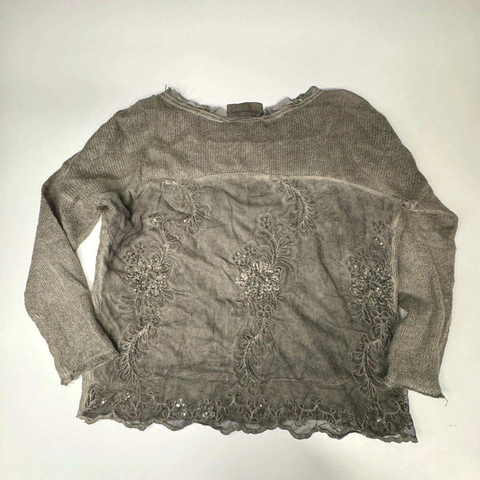 ChillNorway sheer loose knit green sweater with floral embroidery
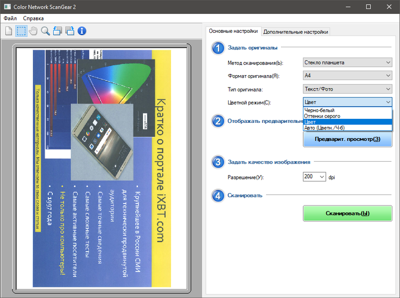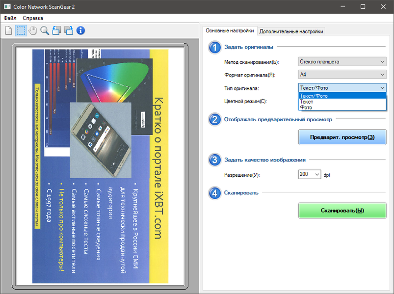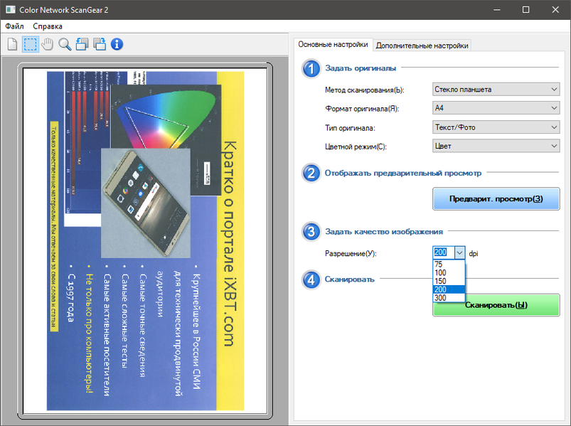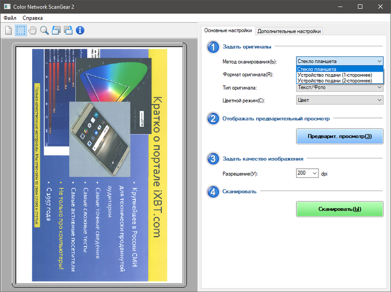 Использовался пакет из 20 листов А4, подаваемых длинной стороной с помощью АПД.
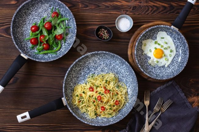 - Сковорода имеет трехслойное антипригарное гранитное покрытие.
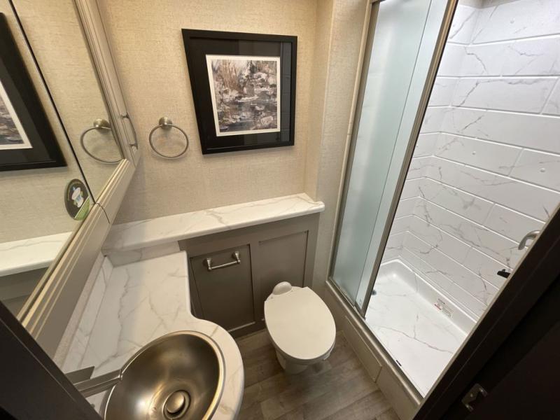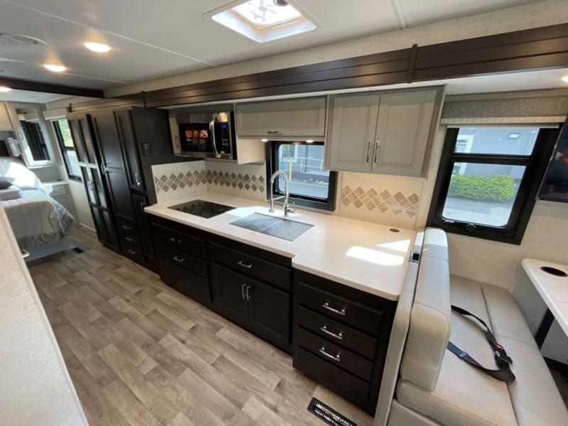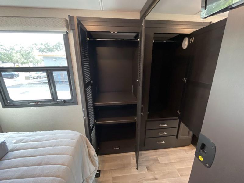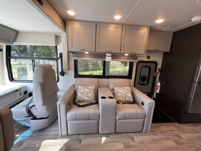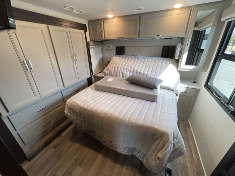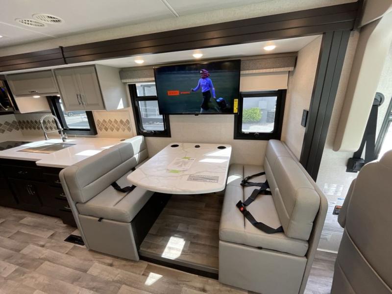 This motorhome is ready to hit the road whenever you are! The 48" x 74" bunk over cab provides sleeping space in addition to the rear private bedroom which has a Tilt-A-View inclining queen bed for a good night's rest, a closet slide, a 32" LED TV to watch your favorite movies in comfort, and an area that has stacking washer and dryer prep next to a closet and pantry. You could even transform the 80" Dream Dinette and 67" jackknife sofa into extra sleeping spaces or switch out the sofa for the optional 67" theater seats. Freshen up each morning in the full bathroom with the 30" x 36" shower, and enjoy entertainment even outdoors with the outside TV!
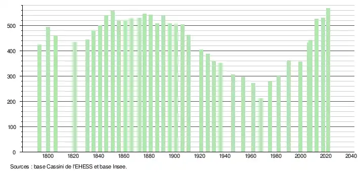 L'évolution du nombre d'habitants est connue à travers les recensements de la population effectués dans la commune depuis 1793. Pour les communes de moins de 10 000 habitants, une enquête de recensement portant sur toute la population est réalisée tous les cinq ans, les populations légales des années intermédiaires étant quant à elles estimées par interpolation ou extrapolation[24]. Pour la commune, le premier recensement exhaustif entrant dans le cadre du nouveau dispositif a été réalisé en 2007[25].
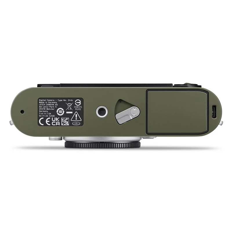 人気のオリーブグリーンペイントとレザー仕上げに、シルバーのアクセントが洗練された印象を添えます。赤いライカロゴを意図的に省いたデザインや、クラシックな刻印が、控えめながらも存在感のある美しさを演出。技術面ではライカM11-Pと同等の性能を備え、最高水準の撮影性能と操作性を実現します。

= = = = =

# [PROBLEM]
Please output the material as written, apart from the images.

# [TASK OUTPUT]
 ChillNorway sheer loose knit green sweater with floral embroidery
 Использовался пакет из 20 листов А4, подаваемых длинной стороной с помощью АПД.
 - Сковорода имеет трехслойное антипригарное гранитное покрытие.
 This motorhome is ready to hit the road whenever you are! The 48" x 74" bunk over cab provides sleeping space in addition to the rear private bedroom which has a Tilt-A-View inclining queen bed for a good night's rest, a closet slide, a 32" LED TV to watch your favorite movies in comfort, and an area that has stacking washer and dryer prep next to a closet and pantry. You could even transform the 80" Dream Dinette and 67" jackknife sofa into extra sleeping spaces or switch out the sofa for the optional 67" theater seats. Freshen up each morning in the full bathroom with the 30" x 36" shower, and enjoy entertainment even outdoors with the outside TV!
 L'évolution du nombre d'habitants est connue à travers les recensements de la population effectués dans la commune depuis 1793. Pour les communes de moins de 10 000 habitants, une enquête de recensement portant sur toute la population est réalisée tous les cinq ans, les populations légales des années intermédiaires étant quant à elles estimées par interpolation ou extrapolation[24]. Pour la commune, le premier recensement exhaustif entrant dans le cadre du nouveau dispositif a été réalisé en 2007[25].
 人気のオリーブグリーンペイントとレザー仕上げに、シルバーのアクセントが洗練された印象を添えます。赤いライカロゴを意図的に省いたデザインや、クラシックな刻印が、控えめながらも存在感のある美しさを演出。技術面ではライカM11-Pと同等の性能を備え、最高水準の撮影性能と操作性を実現します。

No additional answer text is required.